South African scientists are taking a bold step to combat one of the country’s most pressing environmental challenges: a cutting-edge pollution warning app developed at the University of Witwatersrand is set to transform how residents stay informed about air quality spikes. With Johannesburg grappling with alarming increases in coal emissions in recent weeks—leaving thousands struggling to breathe and reporting serious health complications—this technological innovation couldn’t arrive at a more critical moment.
The problem facing South Africa’s economic heartland is far from new. Johannesburg’s proximity to the country’s extensive coal mining operations has meant that residents regularly contend with the distinctive rotten-egg stench of sulphur emissions wafting through the city. The smell has become so common that many have learned to tolerate it, yet the health consequences are anything but trivial. Recent weeks have seen conditions deteriorate markedly, prompting urgent calls for action from government officials and health advocates alike.
Environment Minister Willie Aucamp has attributed the intensifying stink to hydrogen sulphide emissions originating from mining and industrial facilities as far as 400 kilometres to the east of Johannesburg. In comments to our colleagues, Aucamp acknowledged that investigators are still working to identify which specific mining operations are responsible for breaching their emissions limits. “We don’t know which specific mines yet. Investigations are still ongoing,” he explained, revealing the somewhat alarming gap in regulatory oversight.
Enter the new app—a response that speaks to both urgency and innovation. Developed by researcher Bruce Mellado, the application harnesses data from hundreds of air-monitoring systems spread across the country. Once it launches later this year, the system will send real-time notifications to users when pollution levels spike, simultaneously providing practical advice on protective measures such as wearing masks during periods of high pollution.
However, there’s an important caveat worth noting. While masks can offer some protection against smog and particulate soot, they’re considerably less effective against gaseous emissions like sulphur compounds—the very pollutants currently plaguing Johannesburg residents. This limitation underscores a deeper truth: technology can alert us to danger, but it can’t eliminate the source.

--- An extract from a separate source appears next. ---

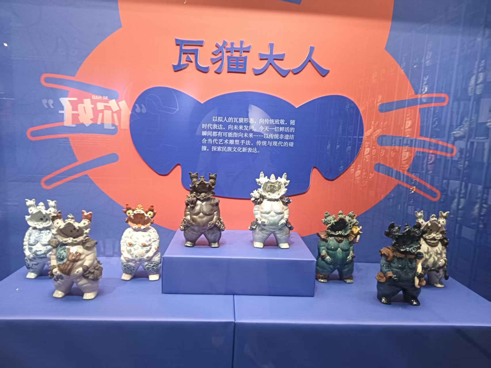 在博物館講解員的帶領(lǐng)下,我逐步走進(jìn)瓦貓的世界。瓦貓雖名為“貓”,實(shí)為鎮(zhèn)宅辟邪的神獸陶塑,常見(jiàn)于云南傳統(tǒng)民居的屋脊上,形態(tài)夸張、充滿張力,融合了信仰、民俗與手工藝智慧。我從不同年代、不同造型的瓦貓中,讀懂了它背后所承載的民間故事與地域精神。

Tackling pollution spikes across South Africa
The app’s data has revealed an increasingly frequent pattern of pollution spikes, according to Mellado, who leads the South African Consortium of Air Quality Monitoring (SACAQM). This growing trend is particularly troubling given South Africa’s economic dependence on coal. The fuel sector remains integral to the country’s energy infrastructure, providing more than three-quarters of South Africa’s electricity generation and accounting for roughly a quarter of liquid fuel production through Sasol’s coal-to-liquid conversion process. That economic reality has shaped policy decisions, sometimes at the expense of air quality.
The nation’s two largest polluters—Sasol and state-owned utility Eskom—both secured extensions to their emissions exemptions in 2025, a decision that frustrated environmental advocates. Notably, their major facilities are located east of Johannesburg, placing them in direct proximity to the areas experiencing the worst air quality deterioration. When approached for comment, Sasol spokesman Alex Anderson stated that no operational incidents or abnormal conditions had been identified that would suggest uncontrolled or atypical sulphur releases from their operations. Eskom, however, declined to respond to our enquiries.

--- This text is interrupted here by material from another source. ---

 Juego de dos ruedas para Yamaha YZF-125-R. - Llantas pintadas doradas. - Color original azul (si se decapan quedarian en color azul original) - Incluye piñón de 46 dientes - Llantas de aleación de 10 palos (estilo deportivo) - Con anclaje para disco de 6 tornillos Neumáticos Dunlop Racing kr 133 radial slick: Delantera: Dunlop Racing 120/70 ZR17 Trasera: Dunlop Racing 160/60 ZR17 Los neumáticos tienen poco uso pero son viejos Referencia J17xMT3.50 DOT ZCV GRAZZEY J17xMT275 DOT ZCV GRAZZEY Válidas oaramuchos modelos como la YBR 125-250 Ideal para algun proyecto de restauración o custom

The tension between environmental protection and economic survival has become the uncomfortable backdrop to South Africa’s air quality crisis. Government authorities frequently invoke the need to balance environmental concerns against economic imperatives when justifying relatively lenient enforcement of air quality standards. Yet environmental activists and public health experts argue this calculus fundamentally underestimates the true economic cost of pollution-related illness and healthcare expenses.
Rico Euripidou, a campaign coordinator at environmental organisation GroundWork, has been vocal about this oversight. He’s calling for expanded community-based monitoring initiatives that can help quantify the genuine economic burden air pollution places on the country. As he puts it, “We need more community monitoring to understand how much air pollution actually costs us.” It’s a compelling argument—one that suggests our current policy frameworks may be pricing environmental damage far too cheaply.
The Wits app represents a meaningful step forward in transparency and public awareness, but it’s ultimately a warning system rather than a solution. Real change will require governments, industry, and society to reckon with coal’s true cost to our collective health and economic future.